Object-based storage is a data storage architecture that manages data as objects.
S3 provides unlimited storage

Objects

Objects contain your data and consist of:
- key the name of the object
- value the data itself made up of a seq of bytes
- version id applicable when versioning is enabled
- metadata additional info
range between 0 bytes to 5 terabytes

Bucket Folders

Folders are zero-byte objects with a name that ends in a /
Not independent identities but just s3 objects
Don’t contain anything; they can be neither full nor empty
They aren’t ‘moved’, s3 objects with same prefix are renamed

Object Etags

Ref: https://github.com/ExamProCo/AWS-Examples/tree/main/s3/etags

entity tag (hash of the object’s content not its metadata)
response header that represent a resource that has change (w/o need to download)
The value of an etag is represented by a hashing function (MD5 or SHA-1)
Part of HTTP protocol; they are also used for revalidating cache systems
Help with programmatically detect change in objects’ content

  
resource "aws_s3_object" "object" {
  bucket = aws_s3_bucket.default.id
  key    = "myfile.txt"
  source = "myfile.txt"
  etag = filemd5("myfile.txt") # <---
}

Note: this is done using terraform and CANNOT be done using cfn because objects are not infrastructure in AWS (i.e.
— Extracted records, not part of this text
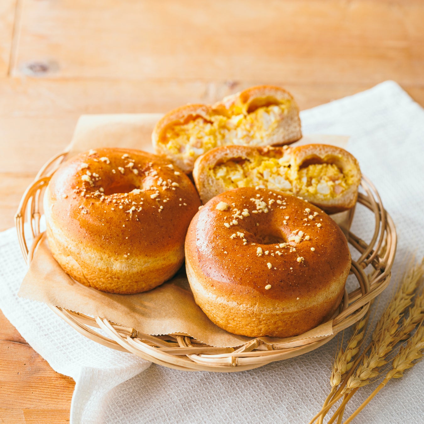 ダイスベーコン入りのたまごサラダを、ふんわり生地でたっぷりと包みました。一口目から生地と一緒にたまごサラダを楽しめる、食べ応えのある惣菜パンです。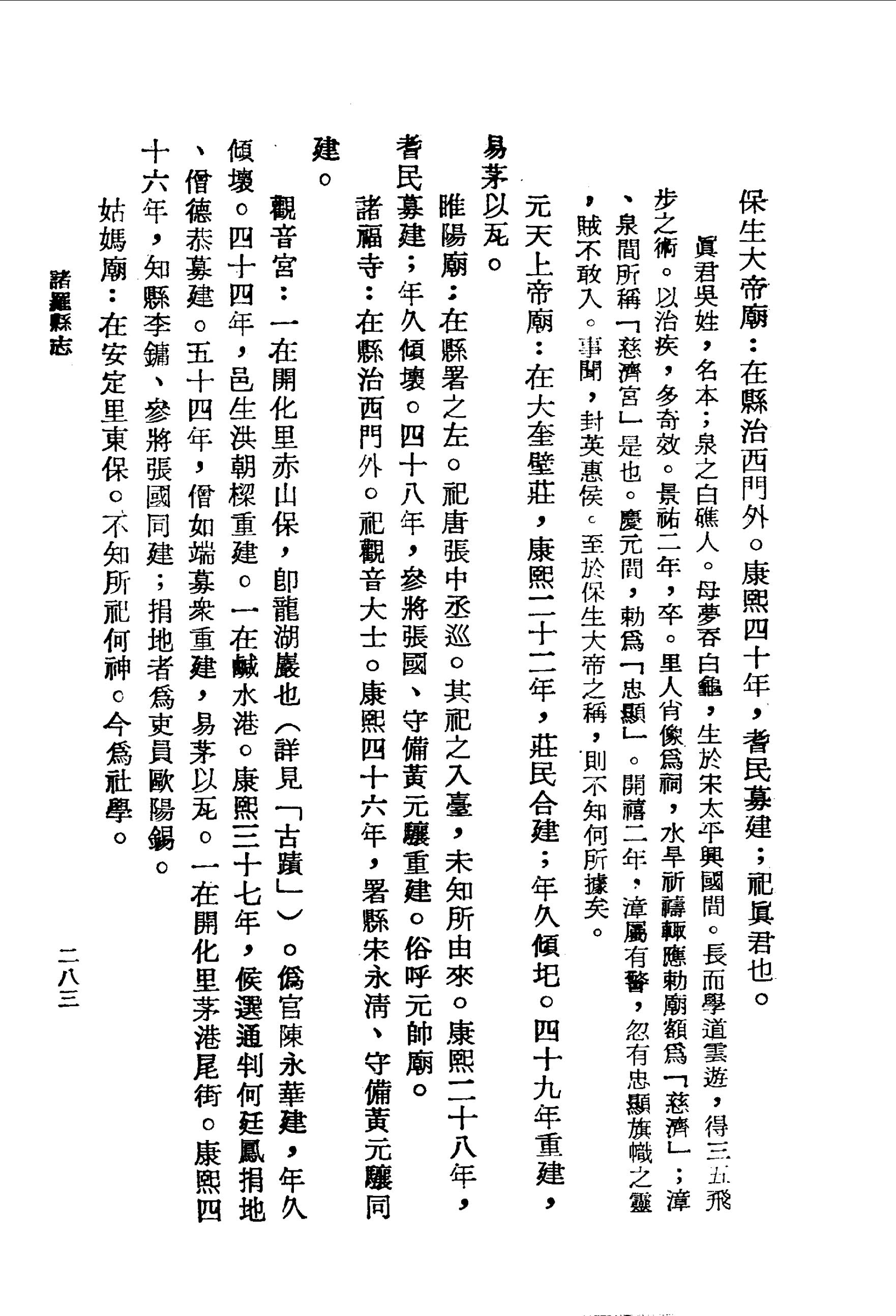 真君吳姓,名本;泉之白礁人.母夢吞白龜,生於宋太平興國間.長而學道雲遊,得三五飛步之術.以治疾,多奇效.景祐二年,卒.里人肖像為祠,水旱祈禱輒應敕廟額為「慈濟」;漳、泉間所稱「慈濟宮」是也.慶元間,敕為「忠顯」.開禧二年,漳屬有警,忽有忠顯旗幟之靈,賊不敢入.事聞,封英惠侯.至於保生大帝之稱,則不知何所據矣.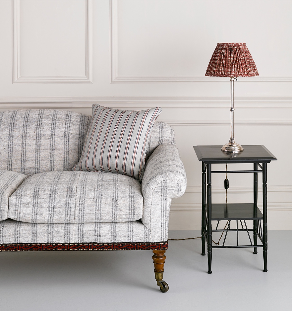 A square cushion handmade at Robert Kime using our Tynemouth Ticking Eucalyptus fabric. Available in six colours, Tynemouth Ticking is translated from an antique ticking from Robert's collection.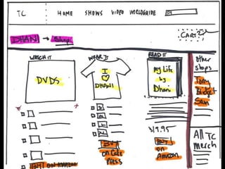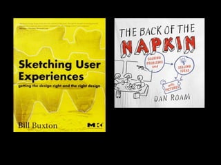 This document discusses collaborative sketching for user experience design. It defines collaborative sketching as benefiting from colleagues' participation to communicate and refine ideas through visualizing, generating, and iterating on sketches. An exercise is described where teams discuss features for an event website, sketch ideas silently, share sketches to provide feedback, and sketch again with new insights. Resources on design studio methodology, sketching tools, and prototyping with sketches are also provided.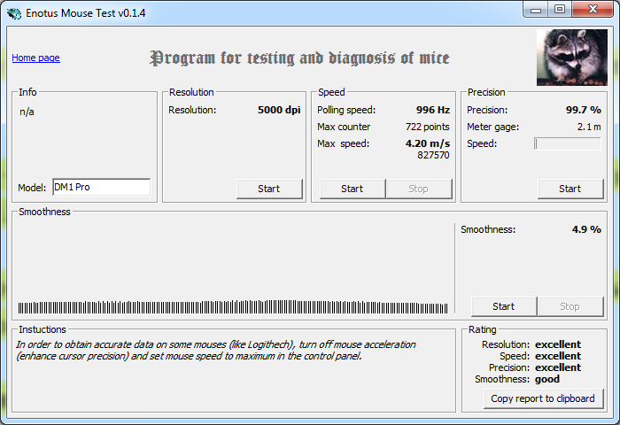 Оптический сенсор Pixart PMW 3310, установленный здесь, на сегодня относится к среднему классу датчиков, но по-прежнему неплох даже на фоне новинок. Компания слегка доработала его, увеличив максимальную скорость до 4 м/с (чтобы исключить срывы даже при использовании самыми быстрыми игрокам) и позаботилась о том, чтобы у данной мыши не было паразитных моментов в работе, в том числе дрожания, акселерации, линейности траектории и прочих недостатков. Даже максимальный уровень сглаживания не превышает в среднем 5%, и это очень хороший показатель для данного сенсора. Частота опроса датчика постоянно составляет 1000 Гц. При желании, или точнее, в случае использования на слабом ПК, мышь можно прошить на 500 Гц, скачав соответствующую программу с официального сайта. Высота отрыва зафиксирована на 1,8 мм, не слишком высоко, но и не очень низко, чтобы не было конфликта с некоторыми видами игровых поверхностей.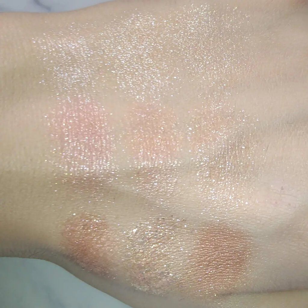 全部ラメ!キラキラ好き大歓喜のパレット😍😍😍 左下2色のグリッターはしっとりぺたぺたしている質感で瞼にしっかりくっついてくれます! ざっくり言うと上段はキラキラ中段はツヤツヤ下段はギラギラというイメージです。 全体的に色づきは控えめでラメ感を楽しめる🥳 全部キラッキラの宝石みたいな多色ラメですが、上段は青ラメ、中段はピンクラメ、下段はゴールドラメが目立つなーと思いました💖 名前も可愛い☁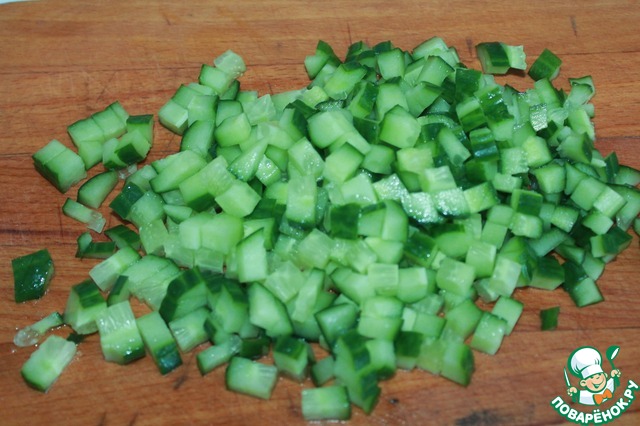 В салатник отправляем огурец и нарезанные блинчики. Все тщательно перемешиваем. Заправляем майонезом или сметаной. Солим и перчим по вкусу.

AWS::S3::Object does not exist)

Object Checksums

Ref: https://github.com/ExamProCo/AWS-Examples/tree/main/s3/checksums

Checksums ensure data integrity of the file in cases of in-transit loss of data
AWS S3 uses checksums for upload/download of files
Available Algorithms:
- CRC32 (Cyclic Redundancy Check)
- CRC32C
- SHA1 (Secure Hash Algo)
- SHA256

  
sha1sum myfile.txt 

aws s3api put-object \
--bucket="bucket-name" \
--key="myfilesha1.txt" \
--body="myfile.txt" \
--checksum-algorithm="SHA1" \
--checksum-sha1="YzI4Y2NjMmM1ZTIxNDAzNjgwNjAxNGRmOWZiNDM2MzRmM2U3NzBiMg=="

Object Prefixes

Ref: https://github.com/ExamProCo/AWS-Examples/tree/main/s3/prefixes

part of the object key name. (\ is considered a delimitator)
used to organize, group, and filter
NOT true folders
no limit for # of delimitators but object’s key name cannot exceed 1024 bytes

Object Metadata

Ref: https://github.com/ExamProCo/AWS-Examples/tree/main/s3/metadata

2 types:
- system defined
  - AWS controls
  - Usually, you can’t edit those
- user defined
  - Must start with x-amz-meta-
- View object aws s3api head-object --bucket <bucketName> --key <objectKey>

Object Lock

Prevent deletion of objects
Must be turned on at the creation of a bucket
Object Lock is SEC 17a-4, CTCC, and FINRA regulation compliant
(temporary or indefinite) WORM model (just like S3 Glacier)
2 Types of holds: Retention periods (locked for a set of time) Legal holds (remains locked until removed)
S3 bucket with Lock ON canNOT be used as destination for server access logs
Can ONLY be done through AWS API (CDK or CLI), not AWS Console

S3 Bucket

S3 is a universal namespace!!! ~ think domain names
Buckets must be emptied before deleted

Security:

Bucket Policies: Define permissions for an entire s3 bucket using JSON (IAM polices scoped around a bucket)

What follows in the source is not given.